+++ Records to process
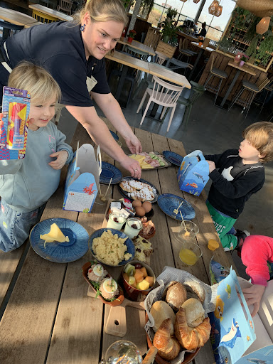 Heerlijk ontbeten voor €15,- per persoon. Met verse jus d’orange, croissantjes, lekkere broodjes, verrassingsbox voor de kids (gratis!) en heel diverse beleg. De kinderen hebben een hele eigen ruimte waar ze kunnen spelen, maar je kunt ze wel zien. Foto’s van de ruimte kun je vinden in de bijlage. De sfeer en aankleding is verder ook leuk: Veel groen.
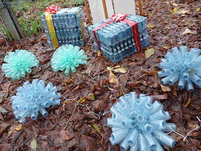 Tan bien quedó en 2024, con un árbol y una especie de velas, que ahora han multiplicado sus creaciones: completaron el árbol gigante de cinco metros, 10 árboles de 2,5 metros, arbolitos para las vallas de los parques, estrellas con las botellas de litro y medio, con las pequeñas una especie de bolas y muchas cajas de regalo ―con su lacito y todo―, como si Papá Noel o los Reyes Magos se hubieran esmerado con el núcleo. Todo a base de 15.000 unidades y más que se han quedado sin utilizar porque, pese al esfuerzo denodado de los voluntarios, no ha dado tiempo a usar todo el material. También dan una segunda vida a ropa, calderos de pinturas, tuberías viejas o palets que sirvan como estructuras o sostenes del abundante plástico.
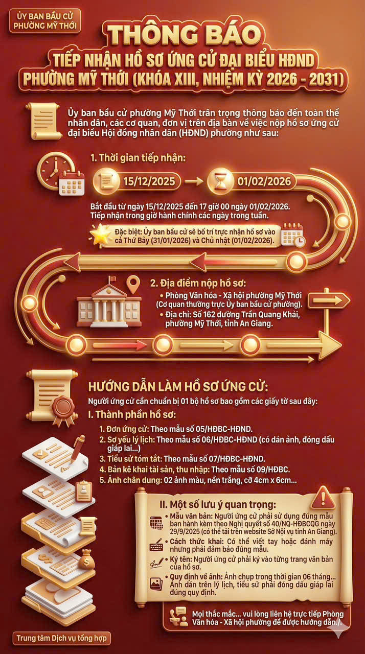 THÔNG BÁO TIẾP NHẬN HỒ SƠ ỨNG CỬ ĐẠI BIỂU HĐND PHƯỜNG MỸ THỚI (KHÓA XIII, NHIỆM KỲ 2026 - 2031)
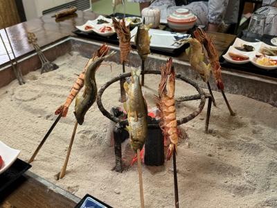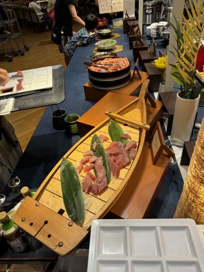 夕食は、舟盛りのメインに大きな太刀魚が使用されこれが絶品で、他に豊後牛のステーキや温泉地獄蒸しなど豊後料理が盛り沢山でした。
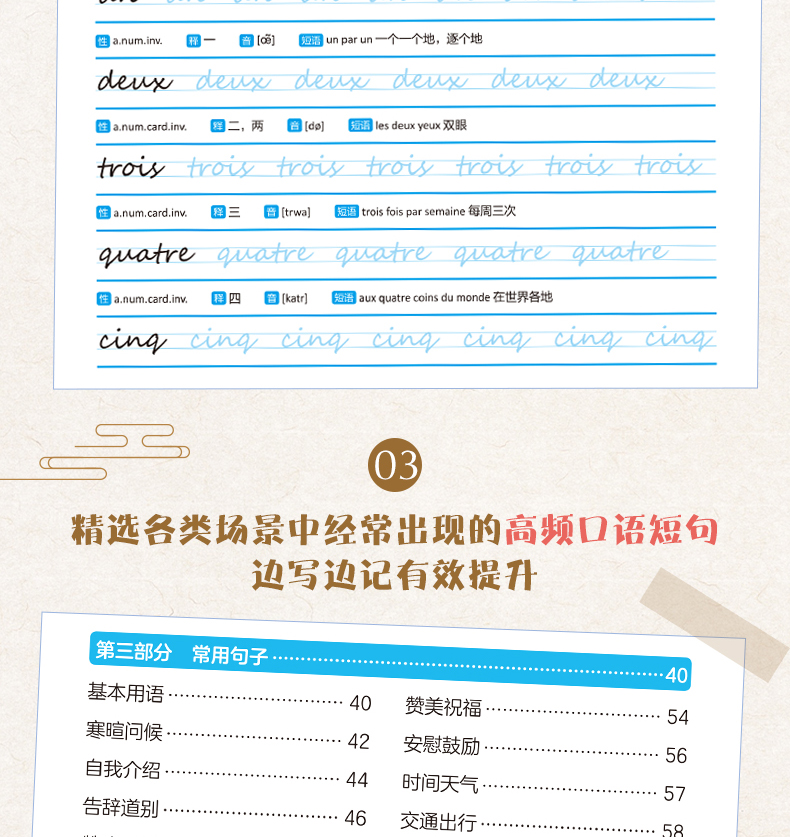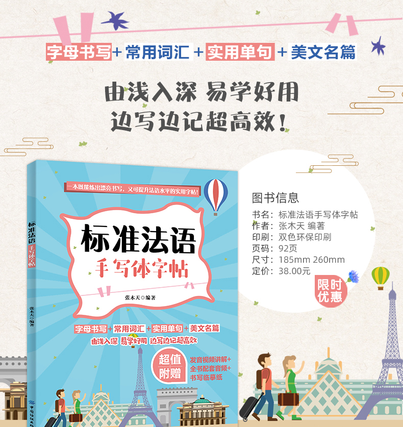 【附发音视频讲解】标准法语手写体字帖 张木天 法语爱好参考用书 法语水平实用字帖提升指南 法语手写词汇单句体训练临摹字帖书
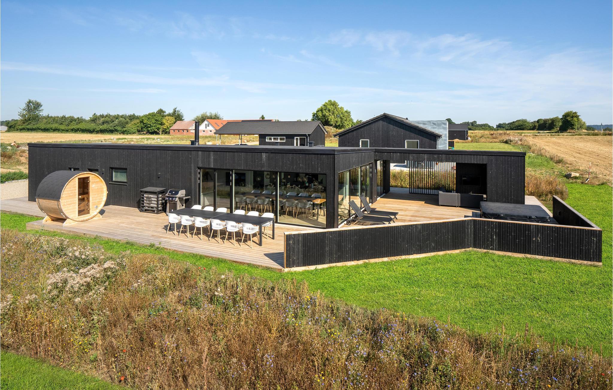 Luxuriöses Ferienhaus in Mørkholt mit Wellness, großer Terrasse und Aktivitätsraum für entspannte Tage am Vejlefjord.
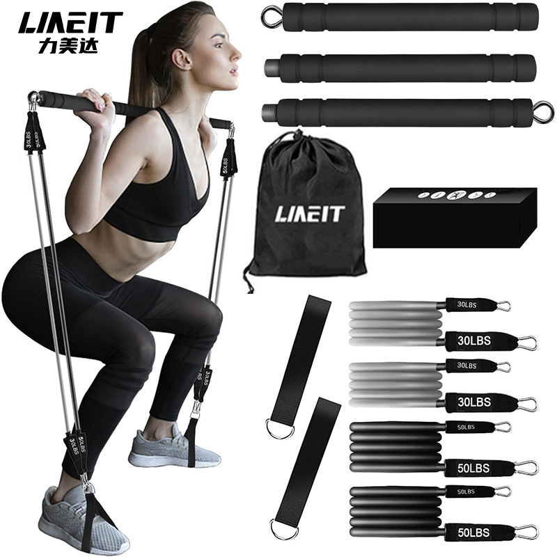 Setelan joran Pilates multifungsi, peralatan fitness rumah tiga bagian squat kecantikan tongkat Pilates tali tegangan
++++++
= Task statement =
An exact restatement of every record is required. Omit the images.

= Solution for this exercise =
 Heerlijk ontbeten voor €15,- per persoon. Met verse jus d’orange, croissantjes, lekkere broodjes, verrassingsbox voor de kids (gratis!) en heel diverse beleg. De kinderen hebben een hele eigen ruimte waar ze kunnen spelen, maar je kunt ze wel zien. Foto’s van de ruimte kun je vinden in de bijlage. De sfeer en aankleding is verder ook leuk: Veel groen.
 Tan bien quedó en 2024, con un árbol y una especie de velas, que ahora han multiplicado sus creaciones: completaron el árbol gigante de cinco metros, 10 árboles de 2,5 metros, arbolitos para las vallas de los parques, estrellas con las botellas de litro y medio, con las pequeñas una especie de bolas y muchas cajas de regalo ―con su lacito y todo―, como si Papá Noel o los Reyes Magos se hubieran esmerado con el núcleo. Todo a base de 15.000 unidades y más que se han quedado sin utilizar porque, pese al esfuerzo denodado de los voluntarios, no ha dado tiempo a usar todo el material. También dan una segunda vida a ropa, calderos de pinturas, tuberías viejas o palets que sirvan como estructuras o sostenes del abundante plástico.
 THÔNG BÁO TIẾP NHẬN HỒ SƠ ỨNG CỬ ĐẠI BIỂU HĐND PHƯỜNG MỸ THỚI (KHÓA XIII, NHIỆM KỲ 2026 - 2031)
 夕食は、舟盛りのメインに大きな太刀魚が使用されこれが絶品で、他に豊後牛のステーキや温泉地獄蒸しなど豊後料理が盛り沢山でした。
 【附发音视频讲解】标准法语手写体字帖 张木天 法语爱好参考用书 法语水平实用字帖提升指南 法语手写词汇单句体训练临摹字帖书
 Luxuriöses Ferienhaus in Mørkholt mit Wellness, großer Terrasse und Aktivitätsraum für entspannte Tage am Vejlefjord.
 Setelan joran Pilates multifungsi, peralatan fitness rumah tiga bagian squat kecantikan tongkat Pilates tali tegangan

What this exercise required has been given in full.